🤖 AI Summary
Existing methodologies—such as SPEC CPU2017, Design of Experiments (DoE), and Randomized Controlled Trials (RCTs)—struggle to accurately attribute overall system performance to individual hardware components due to their inability to effectively isolate component-level contributions, resulting in substantial evaluation variability (SPEC score deviations ranging from 12.16% to 436.80%). This work proposes a novel methodology that integrates controlled experimentation with a theoretical attribution model, enabling, for the first time, precise and stable attribution of system performance to specific hardware components. The proposed approach significantly outperforms conventional techniques, offering high cost-effectiveness while overcoming inherent limitations in component evaluation and system design present in current practices.
📝 Abstract
In a computer system, multiple indispensable components-such as the CPU, memory, and others-work together with other essential components to produce an overall effect, which can only be measured on an independently running system. Since the system operates as an integrated whole, isolating the effect of individual components is challenging. Accurately attributing the system's overall effect to its specific component is crucial for both computer design and evaluation.
Taking CPU evaluation as a benchmark, our experiments reveal that the general-purpose rigorous methodologies, like DoE, RCTs, can not address this issue efficiently; A single-purpose empirical methodology, SPEC CPU2017, which is the industry-standard CPU benchmark, only reports the overall effect. Even more concerningly, for the identical CPU, the undefined configurations of other indispensable components introduce uncontrolled variability, with the SPEC scores fluctuating from 12.16\% to 436.80\%.
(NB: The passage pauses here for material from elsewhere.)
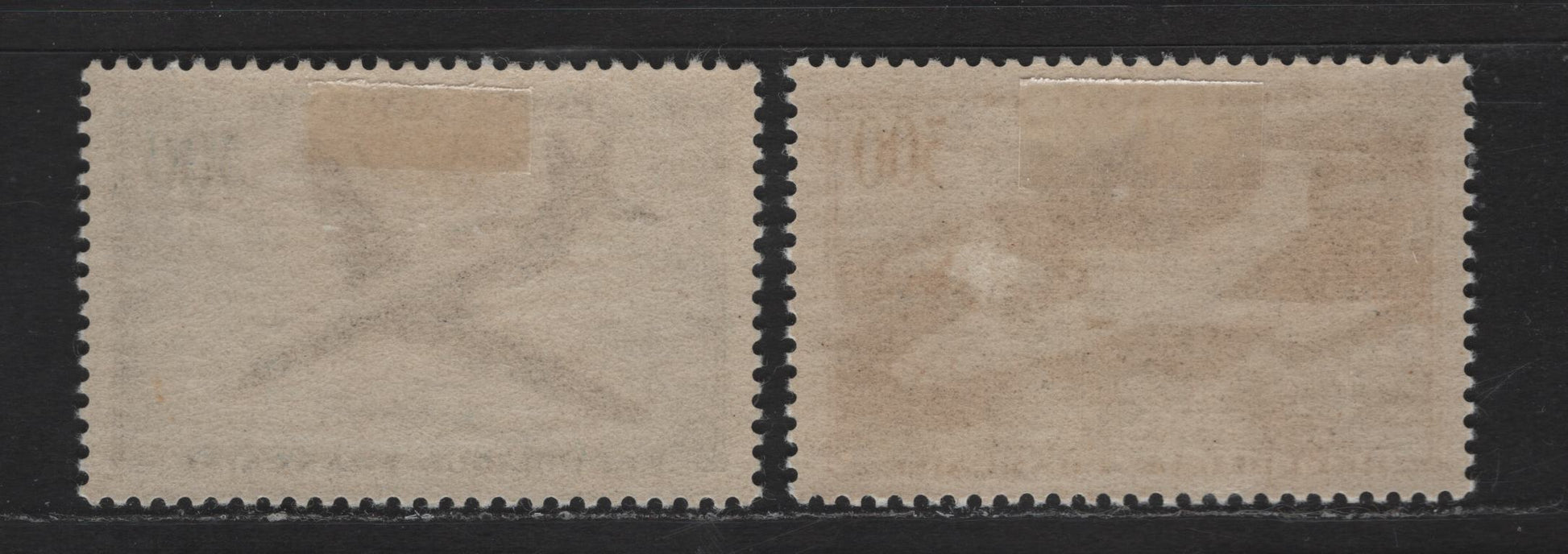 Lot 200 France SC#C34-C35 300fr - 500fr Multicolored Caravelle, 1957-1959 Airmail Issue, 2 VFOG Singles, Low Fluorescent Paper

We propose a rigorous methodology that can attribute the overall effect to its specific component, which can be utilized in computer component evaluations and design, as well as in other areas. Through theoretical analysis and pioneering controlled experiments, we systematically compare our methodology against three established methodologies: SPEC CPU2017, DoE, and RCTs. The results show our methodology can achieve its goal in a cost-efficient way, while others exhibit inherent limitations.